▸ **Task description**: Set the pictures aside and transcribe exactly the lines from the one containing "1 ในรูปแบบเรียนออนไลน์ ร่วมกับโรงเรียนผดุงปัญญา" through the final line of the records.

※

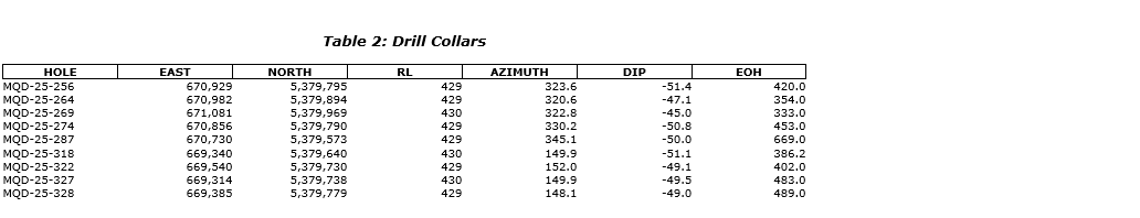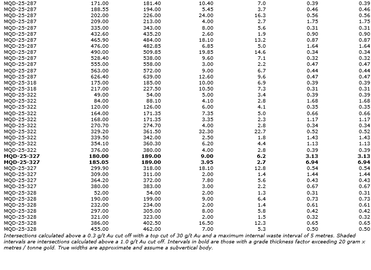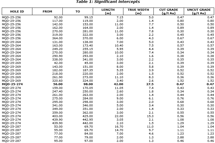 - 42.0 m of 0.47 g/t Au from 56.0 m in MQD-25-274;
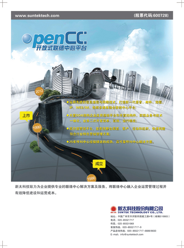 目前,新太科技的業(yè)務集中在現(xiàn)代信息服務業(yè)的三個主要領域發(fā)展,包括電信增值領域、呼叫中心領域和監(jiān)控安防領域、IT服務領域(包括電信平臺維保業(yè)務、云計算產品集成服務、軟件外包及一站式供應鏈管理服務),并在過去的兩年中得到了全面提升和快速發(fā)展。近期承接了一系列國家級電信增值業(yè)務平臺項目、廣州亞運會工程項目、廣州市及番禺區(qū)平安城市視頻監(jiān)控與安防系統(tǒng)項目。
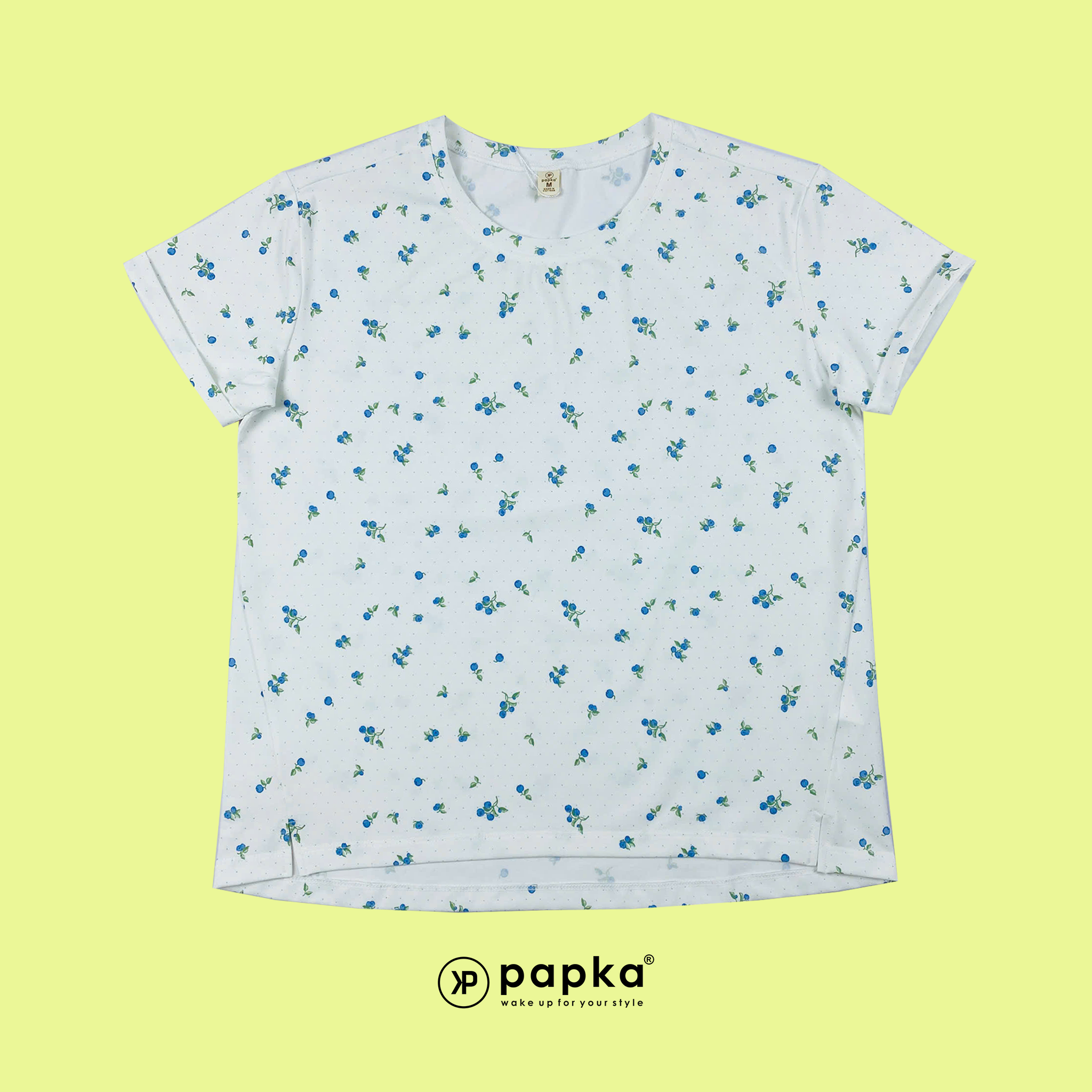 Áo thun nữ Papka 3031 màu trắng họa tiết hoa nhí màu xanh xẻ tà vạt ngắn trước sau mang vẻ trẻ trung thoải mái
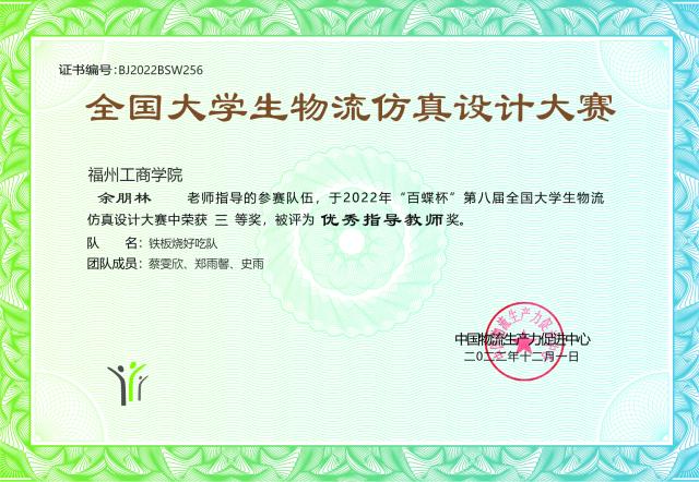 近期,2022年“百蝶杯”第八届全国大学生物流仿真设计大赛顺利举行。大赛吸引了三明学院、苏州大学、南宁师范大学等共30个省、自治区的343所院校621支队伍报名参赛。我校学子经过激烈角逐,最终获得三等奖1项。
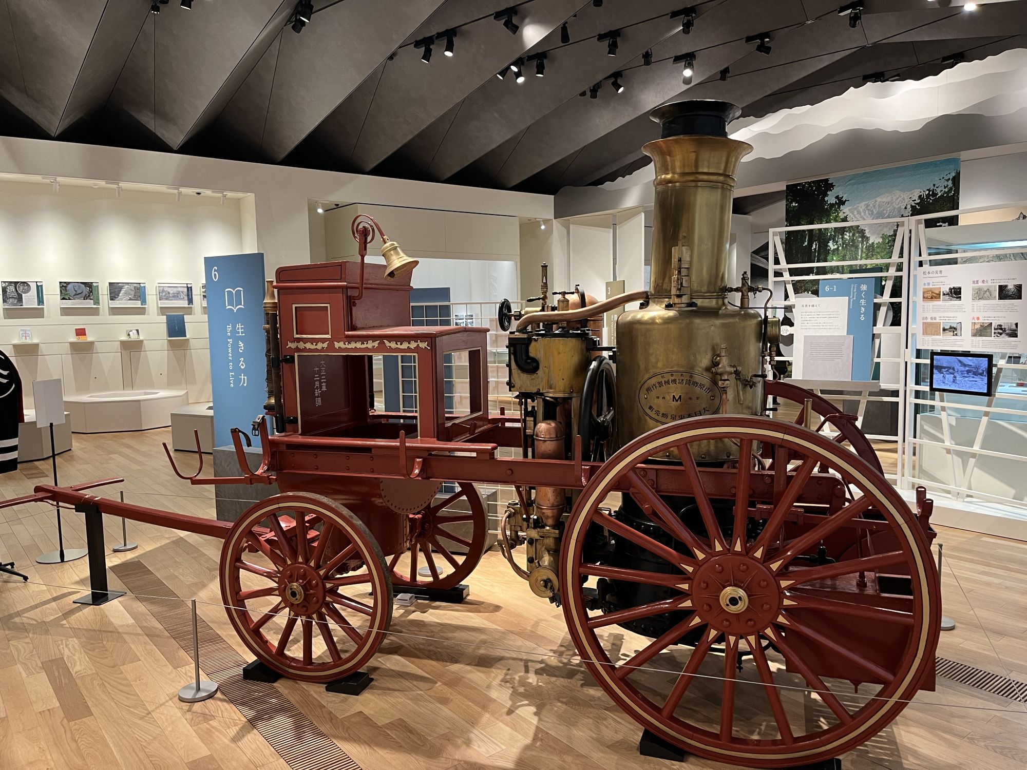 Le deuxième et le troisième étages sont réservés aux expositions. Le deuxième étage propose des expositions temporaires et la toute première exposition « EXPO MATSUMOTO » a pour thème la premiere grande exposition qui a eu lieu a l’ère Meiji au chateau de Matsumoto. Si les grandes lignes de l’histoire sont proposées en anglais, l’exposition manque toutefois d’explications plus détaillées en anglais.
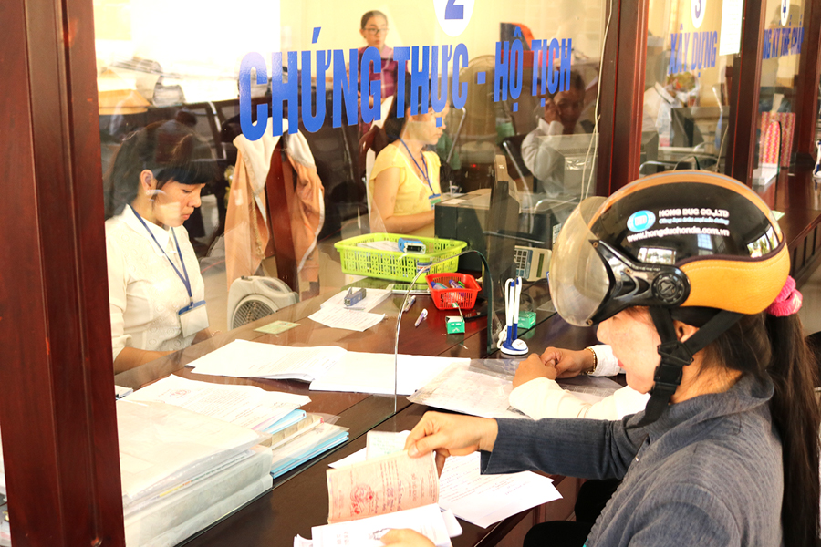 Người dân làm thủ tục hộ tịch có yếu tố nước ngoài tại Bộ phận Tiếp nhận và Trả kết quả của UBND huyện Thới Lai, TP Cần Thơ. Ảnh: Chấn Hưng
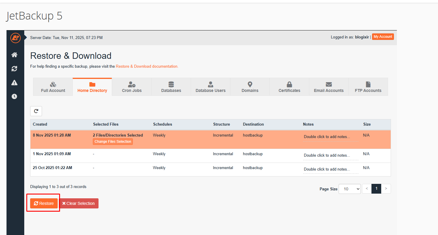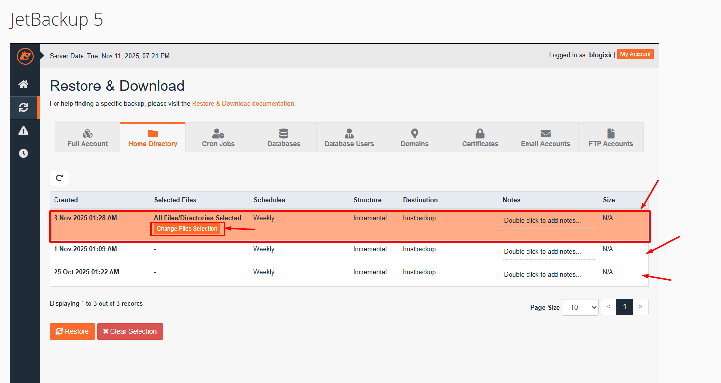 JetBackup genellikle birkaç geri yükleme seçeneği sunar:
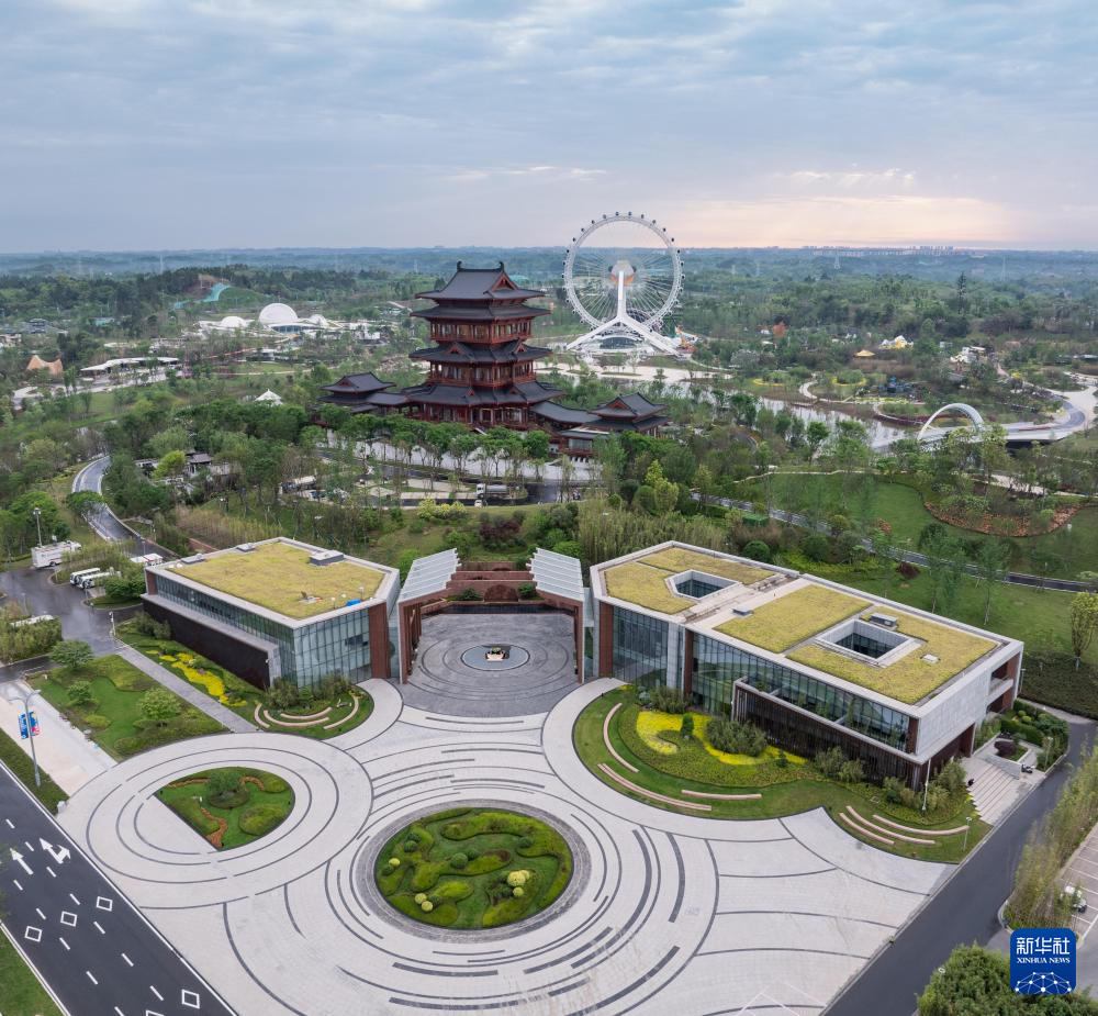 这是4月22日拍摄的成都世园会主会场锦云楼。
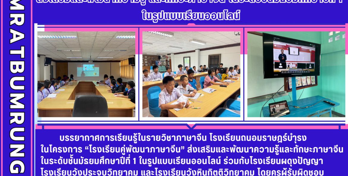ในโครงการ “โรงเรียนคู่พัฒนาภาษาจีน” ส่งเสริมและพัฒนาความรู้และทักษะภาษาจีนในระดับชั้นมัธยมศึกษาปีที่ 1 ในรูปแบบเรียนออนไลน์ ร่วมกับโรงเรียนผดุงปัญญา โรงเรียนวังประจบวิทยาคม และโรงเรียนวังหินกิตติวิทยาคม โดยครูผู้รับผิดชอบ ครูอริสรา สวาทะสุข ณ ห้องโสตทัศนศึกษา “ธารน้ำใจ” โรงเรียนถนอมราษฎร์บำรุง
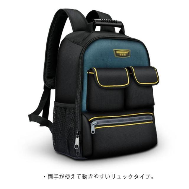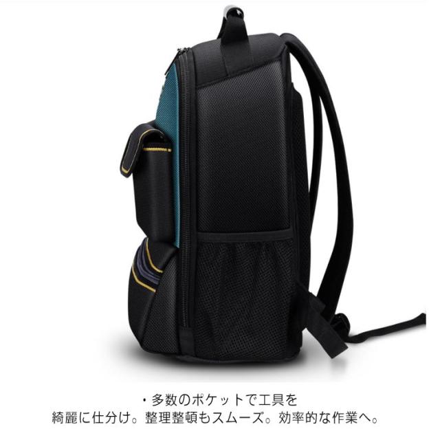 | ・ポケットがたくさん&底部強化で機能性も充実の「ツールバッグ」が登場 ・21個と多くのポケットがあり、工具などの仕分け・収納に非常に便利です。 ・両手が使えて動きやすいリュックタイプ。 ・多数のポケットで工具を綺麗に仕分け。整理整頓もスムーズ。効率的な作業へ。 ・開口部がファスナーなので、工具をきちっとしまって持ち運びできます。 ・ツールポケットは90°まで広げることができます。工具が一目でわかる。アクセスしやすく、時短にもつながる。 ・背面にクッション性を備えた設計。長時間の使用でも快適。肩にも優しい。 ・両手を自由にしながら工具を運搬できるためあらゆる技術者、作業者の方に最適です。 | |
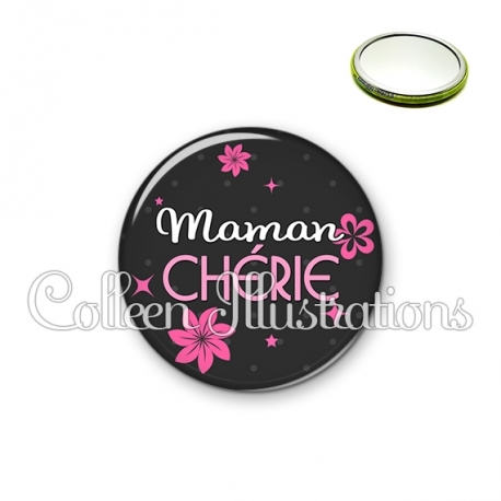 Miroir simple avec dos métallique décoré d'une image fantaisie et texte.

※

▸ **Task solution**:
ในโครงการ “โรงเรียนคู่พัฒนาภาษาจีน” ส่งเสริมและพัฒนาความรู้และทักษะภาษาจีนในระดับชั้นมัธยมศึกษาปีที่ 1 ในรูปแบบเรียนออนไลน์ ร่วมกับโรงเรียนผดุงปัญญา โรงเรียนวังประจบวิทยาคม และโรงเรียนวังหินกิตติวิทยาคม โดยครูผู้รับผิดชอบ ครูอริสรา สวาทะสุข ณ ห้องโสตทัศนศึกษา “ธารน้ำใจ” โรงเรียนถนอมราษฎร์บำรุง
 | ・ポケットがたくさん&底部強化で機能性も充実の「ツールバッグ」が登場 ・21個と多くのポケットがあり、工具などの仕分け・収納に非常に便利です。 ・両手が使えて動きやすいリュックタイプ。 ・多数のポケットで工具を綺麗に仕分け。整理整頓もスムーズ。効率的な作業へ。 ・開口部がファスナーなので、工具をきちっとしまって持ち運びできます。 ・ツールポケットは90°まで広げることができます。工具が一目でわかる。アクセスしやすく、時短にもつながる。 ・背面にクッション性を備えた設計。長時間の使用でも快適。肩にも優しい。 ・両手を自由にしながら工具を運搬できるためあらゆる技術者、作業者の方に最適です。 | |
 Miroir simple avec dos métallique décoré d'une image fantaisie et texte.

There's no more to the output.